17 ve 25 Aralık rüşvet ve yolsuzluk soruşturmalarını yürütürken görevden alınan ve ardından meslekten ihraç edilen eski İstanbul Mali Şube Müdürü Yakub Saygılı çarpıcı açıklamalarda bulundu.
Saygılı, özetle Emniyet’in teknik olarak illegal telefon dinlemeleri yapma kapasitesi olmadığını ancak MİT’in bu teknik kabiliyetinin bulunduğunu,Türkiye’nin kriptolu telefon üretimine milli yatırım yapması gerektiğini, MİT’in başbakana verdiği raporda Rıza Sarraf’la ilgili olarak Emniyet’in bile bilmediği bilgilerin yer aldığını anlatıyor.
İlgili ilgisiz bir çok insanın yatak odalarına kadar yapılan o dinlemeleri sizler yapmıyorsanız kimler yapıyor?

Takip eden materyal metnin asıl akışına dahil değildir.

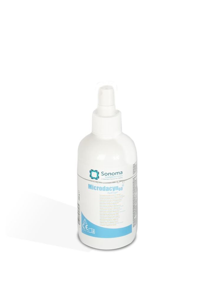 Microdacyn60® Wound Care ist eine gebrauchsfertige Wundspüllösung mit aktiviertem (naszierendem) Sauerstoff. Es wird mit der patentierten Mikrocyntechnologie von Oculus Innovative Science aus ultrareinem Wasser und geringen Mengen NaCl hergestellt.

Bir defa dinleme Polis, Jandarma ve MİT’e verilmiş bir görev. Ben 16 yıl Kom birimleri, narkotik, organize suçlar, terörle mücadelede çalıştım. Telefon dinlemenin, ikamet dinlemenin veya iş yeri dinlemenin çok acemi prosedürleri vardı. Günümüze gelene kadar standart operasyon prosedürlerine, çok gelişmiş yazılı hale getirilmiş bir sistem.
Hiç mi delinemez yani?
Telefon dinlemeleri polis ve jandarma tarafından delinemez. Ama izlemeler delinebilir. Mesela iş yerine böcek konulması meselesi. İkamete konması yıllar önce kanunumuzdan kaldırıldı, ikamete konamaz, suçtur. Kişi kimsenin haberi olmadan envanterden bir cihaz çıkarabilirse kendisi yurt dışından firmalarla irtibat kurup cihaz getirebilirse olabilir. Dinleyen, telefonu kulaklığı takmış onu tapeye çevirmiş kişi tarafından bunun kırılması mümkün değil. Sistem buna göre yapıldı. 17 Aralık’tan bir gün sonra ben görevden alındım. O sırada dahi o sesler TİB’den indirilmemişti. TİB’de duruyordu. Yani İstanbul Emniyetindeki bir serverda bulunmuyordu. Sistem böyle kuruldu. Yani dinleyen sadece tıklar, o sesi dinler, o ses bilgisayarına inmez. Aynı internetten online müzik dinlemek gibidir bu.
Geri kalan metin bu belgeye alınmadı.